◆ SOURCE DATA

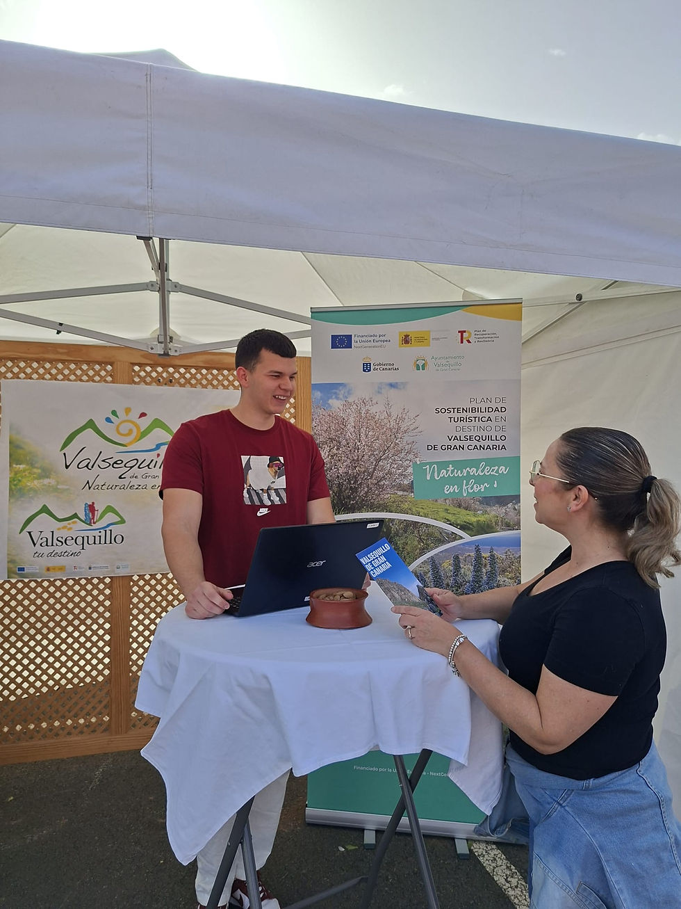 Había incluso un puesto dedicado a proporcionar accesibilidad e información a la ciudadanía sobre el Plan de Sostenibilidad Turística en Destino y de las actividades llevadas a cabo por el Ayuntamiento de Valsequillo en virtud de este, ejemplo de alguna de estas actividades, es el pasado Foro de Emprendedores que sucedió el 9 de abril de este año.
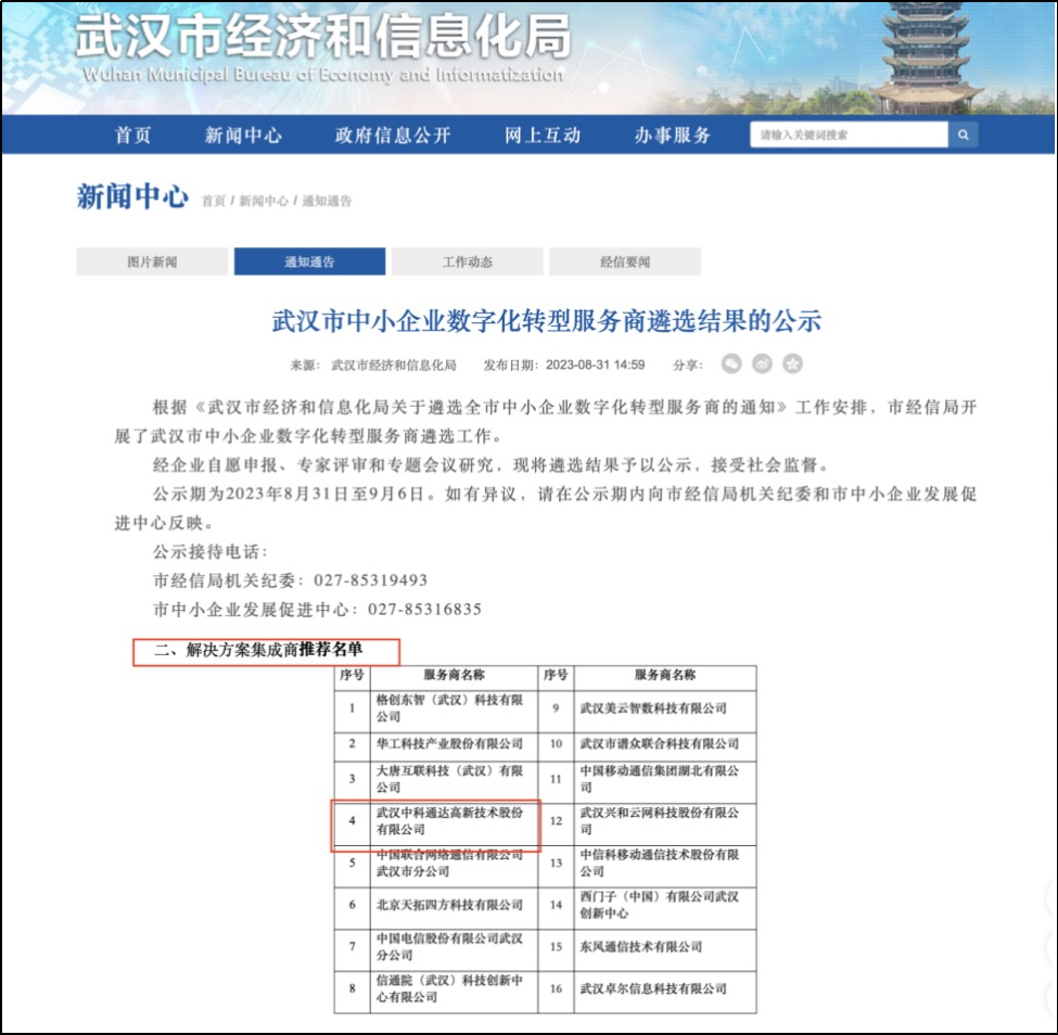 2023年8月31日,武汉市经济和信息化局公示《武汉市中小企业数字化转型服务商遴选结果》,中科通达成功入选“武汉市中小企业数字化转型服务商-解决方案集成商”推荐名单!
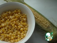 Добавляем кукурузу, муку, половину натертого сыра, майонез (можете не добавлять) и перемешиваем. |
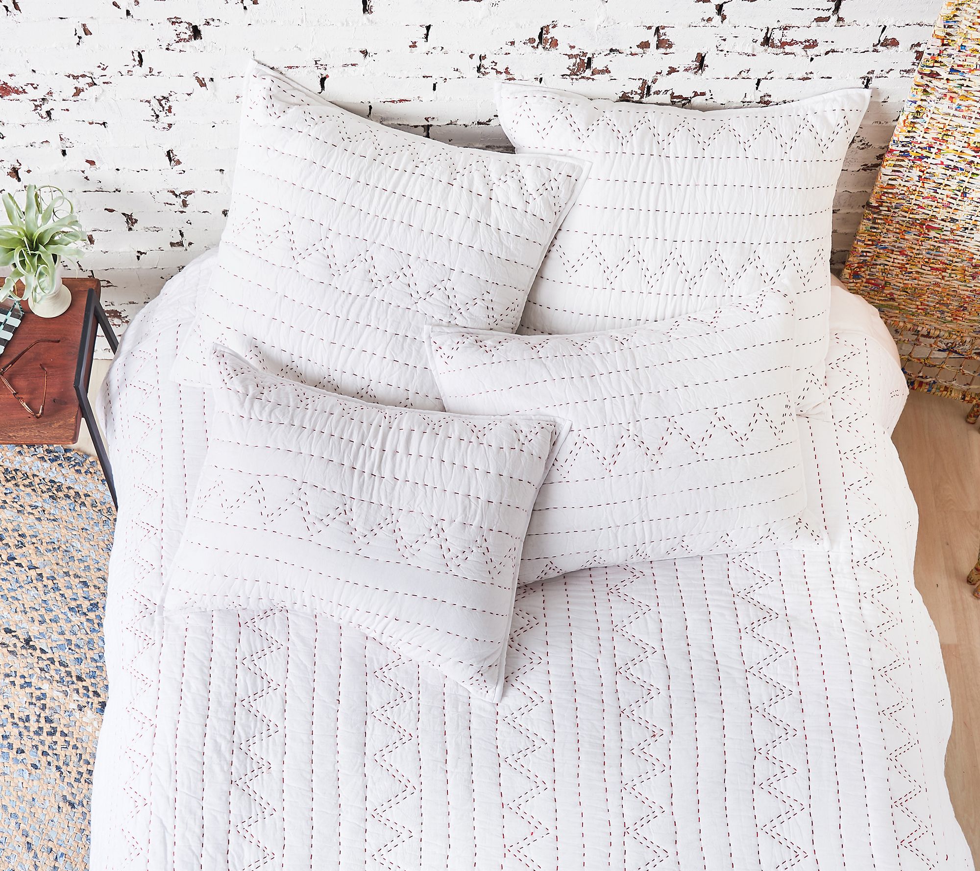 • Red and white geometric stitched pattern

◆ YOUR ASSIGNMENT
Transcribe all of the data above verbatim but omit every picture.

◆ EXERCISE SOLUTION
 Había incluso un puesto dedicado a proporcionar accesibilidad e información a la ciudadanía sobre el Plan de Sostenibilidad Turística en Destino y de las actividades llevadas a cabo por el Ayuntamiento de Valsequillo en virtud de este, ejemplo de alguna de estas actividades, es el pasado Foro de Emprendedores que sucedió el 9 de abril de este año.
 2023年8月31日,武汉市经济和信息化局公示《武汉市中小企业数字化转型服务商遴选结果》,中科通达成功入选“武汉市中小企业数字化转型服务商-解决方案集成商”推荐名单!
 Добавляем кукурузу, муку, половину натертого сыра, майонез (можете не добавлять) и перемешиваем. |
 • Red and white geometric stitched pattern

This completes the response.